> _Exercise directions_
What's wanted here is the full listing below, repeated exactly, with no images in it.

> _Recorded data_
━━━━
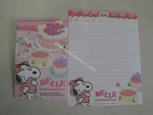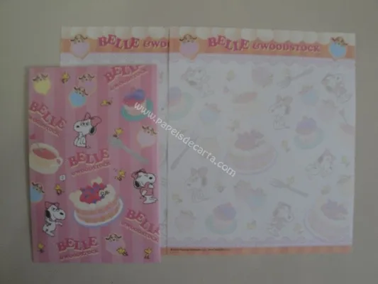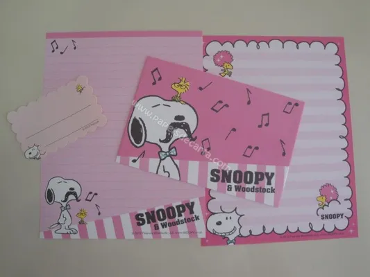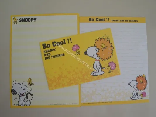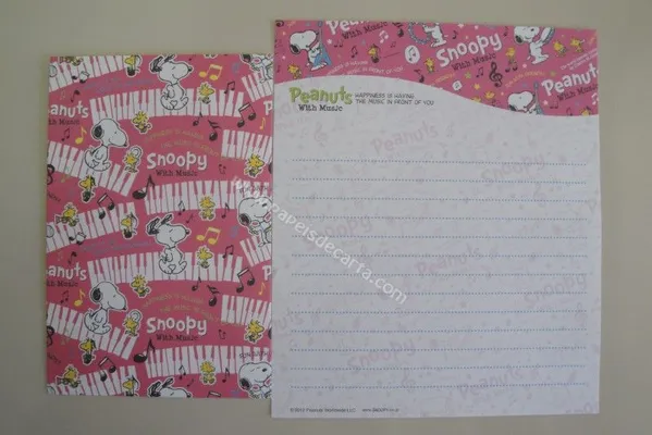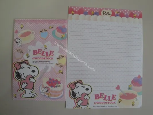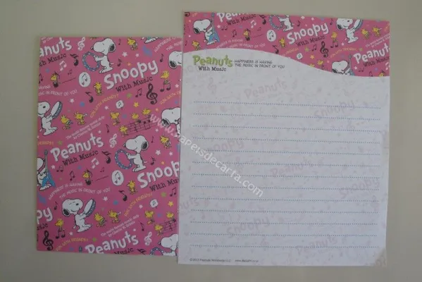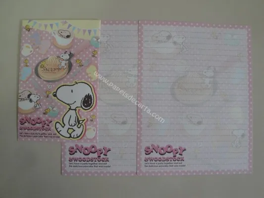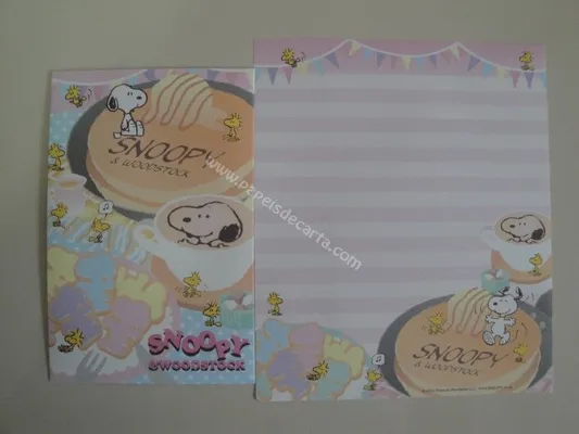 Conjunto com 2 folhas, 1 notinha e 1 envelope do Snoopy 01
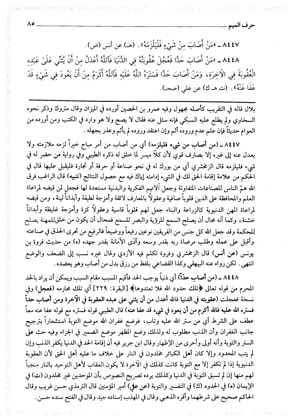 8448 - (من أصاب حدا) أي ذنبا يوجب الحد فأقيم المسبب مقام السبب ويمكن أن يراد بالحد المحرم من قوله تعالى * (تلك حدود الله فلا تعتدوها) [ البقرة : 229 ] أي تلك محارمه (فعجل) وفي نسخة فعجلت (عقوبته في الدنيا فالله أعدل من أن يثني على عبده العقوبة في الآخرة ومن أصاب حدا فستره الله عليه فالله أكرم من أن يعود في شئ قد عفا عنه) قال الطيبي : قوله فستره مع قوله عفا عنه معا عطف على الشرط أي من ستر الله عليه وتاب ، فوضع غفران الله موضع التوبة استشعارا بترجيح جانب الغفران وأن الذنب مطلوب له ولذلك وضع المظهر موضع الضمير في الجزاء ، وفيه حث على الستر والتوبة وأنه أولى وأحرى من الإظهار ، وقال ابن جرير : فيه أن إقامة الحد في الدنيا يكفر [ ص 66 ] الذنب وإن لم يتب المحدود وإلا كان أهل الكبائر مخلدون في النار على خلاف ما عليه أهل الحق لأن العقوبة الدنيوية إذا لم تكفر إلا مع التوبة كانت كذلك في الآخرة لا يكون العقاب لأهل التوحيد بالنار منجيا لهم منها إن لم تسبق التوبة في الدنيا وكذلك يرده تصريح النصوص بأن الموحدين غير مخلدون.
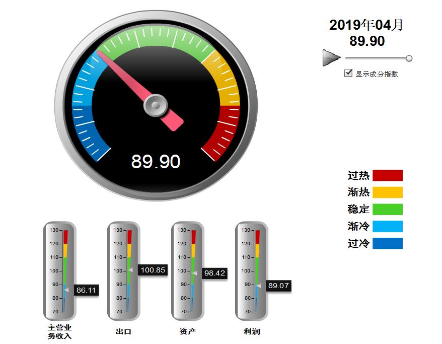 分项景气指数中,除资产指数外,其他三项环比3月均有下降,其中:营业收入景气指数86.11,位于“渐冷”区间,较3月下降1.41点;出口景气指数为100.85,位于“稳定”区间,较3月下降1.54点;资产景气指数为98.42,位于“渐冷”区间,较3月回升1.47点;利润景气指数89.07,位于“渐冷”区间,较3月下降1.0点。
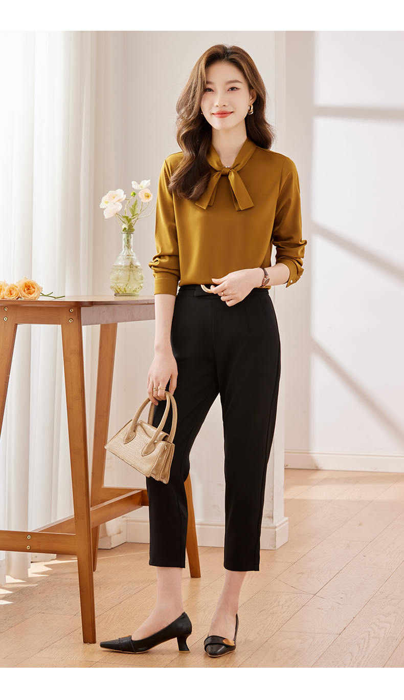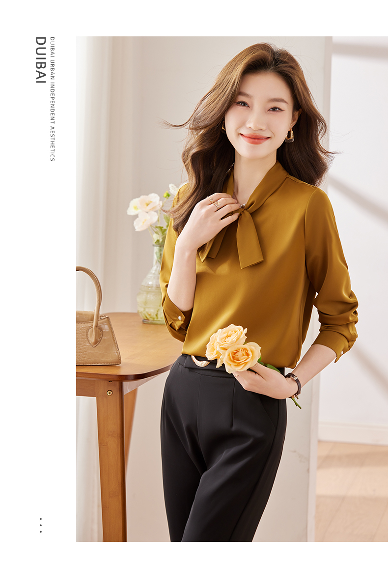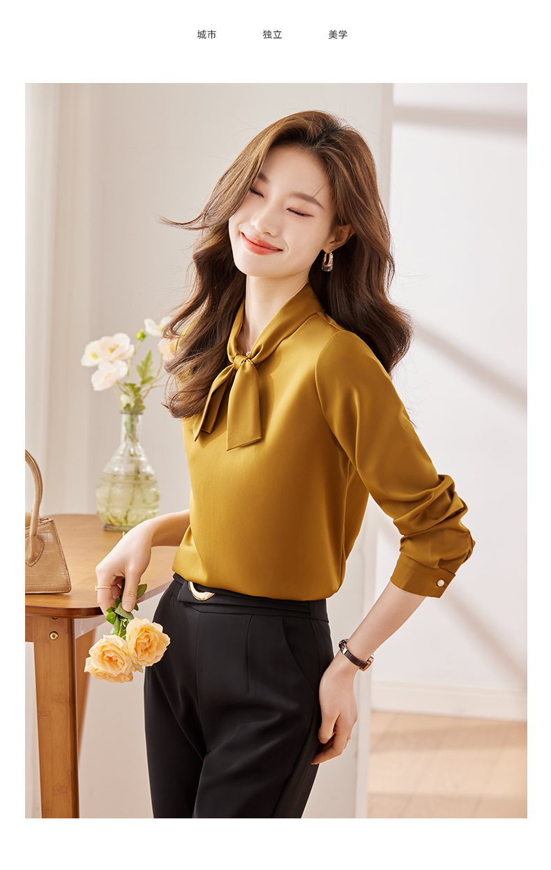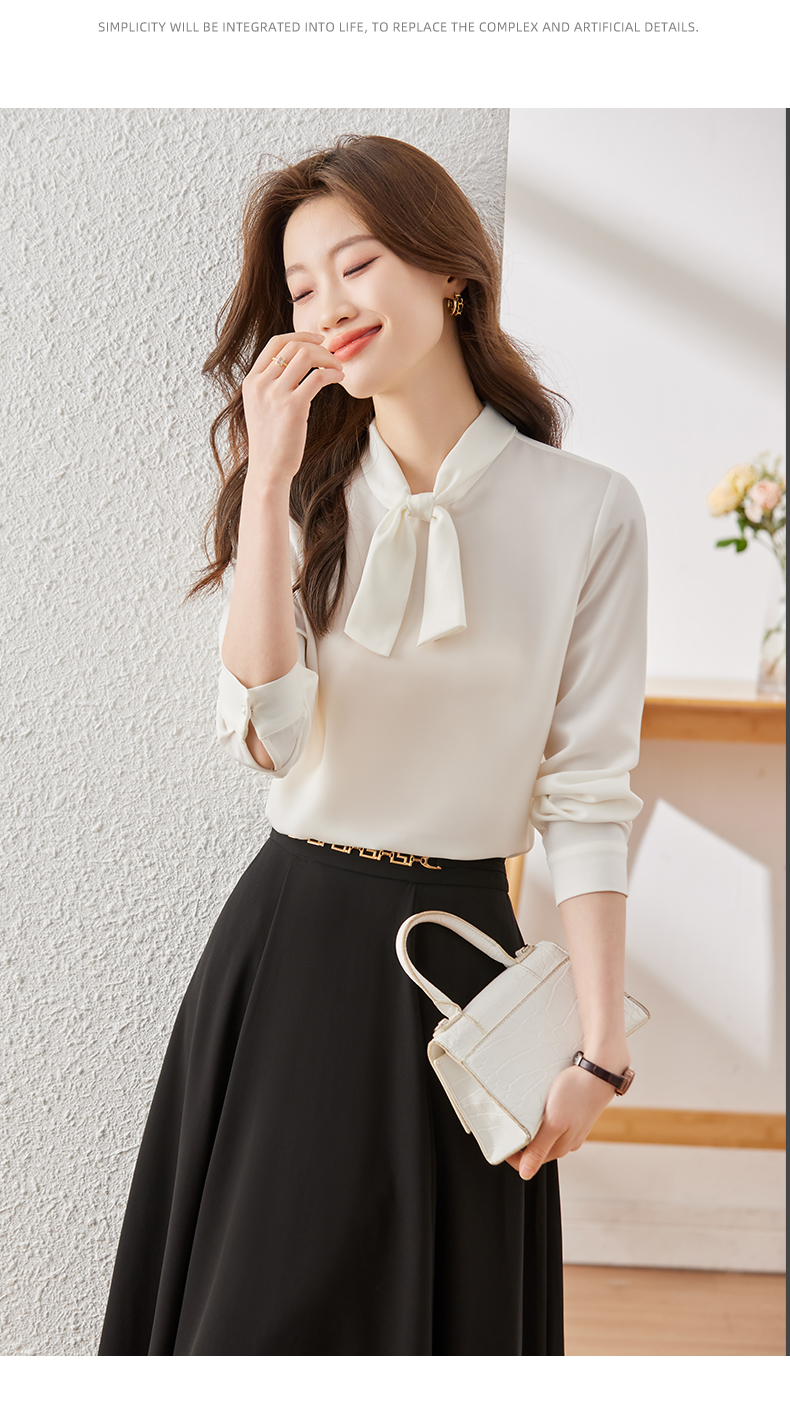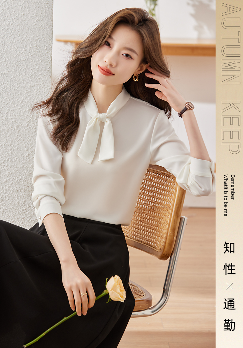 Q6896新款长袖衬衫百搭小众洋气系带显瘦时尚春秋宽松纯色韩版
━━━━
> _Solution for this problem_
 Conjunto com 2 folhas, 1 notinha e 1 envelope do Snoopy 01
 8448 - (من أصاب حدا) أي ذنبا يوجب الحد فأقيم المسبب مقام السبب ويمكن أن يراد بالحد المحرم من قوله تعالى * (تلك حدود الله فلا تعتدوها) [ البقرة : 229 ] أي تلك محارمه (فعجل) وفي نسخة فعجلت (عقوبته في الدنيا فالله أعدل من أن يثني على عبده العقوبة في الآخرة ومن أصاب حدا فستره الله عليه فالله أكرم من أن يعود في شئ قد عفا عنه) قال الطيبي : قوله فستره مع قوله عفا عنه معا عطف على الشرط أي من ستر الله عليه وتاب ، فوضع غفران الله موضع التوبة استشعارا بترجيح جانب الغفران وأن الذنب مطلوب له ولذلك وضع المظهر موضع الضمير في الجزاء ، وفيه حث على الستر والتوبة وأنه أولى وأحرى من الإظهار ، وقال ابن جرير : فيه أن إقامة الحد في الدنيا يكفر [ ص 66 ] الذنب وإن لم يتب المحدود وإلا كان أهل الكبائر مخلدون في النار على خلاف ما عليه أهل الحق لأن العقوبة الدنيوية إذا لم تكفر إلا مع التوبة كانت كذلك في الآخرة لا يكون العقاب لأهل التوحيد بالنار منجيا لهم منها إن لم تسبق التوبة في الدنيا وكذلك يرده تصريح النصوص بأن الموحدين غير مخلدون.
 分项景气指数中,除资产指数外,其他三项环比3月均有下降,其中:营业收入景气指数86.11,位于“渐冷”区间,较3月下降1.41点;出口景气指数为100.85,位于“稳定”区间,较3月下降1.54点;资产景气指数为98.42,位于“渐冷”区间,较3月回升1.47点;利润景气指数89.07,位于“渐冷”区间,较3月下降1.0点。
 Q6896新款长袖衬衫百搭小众洋气系带显瘦时尚春秋宽松纯色韩版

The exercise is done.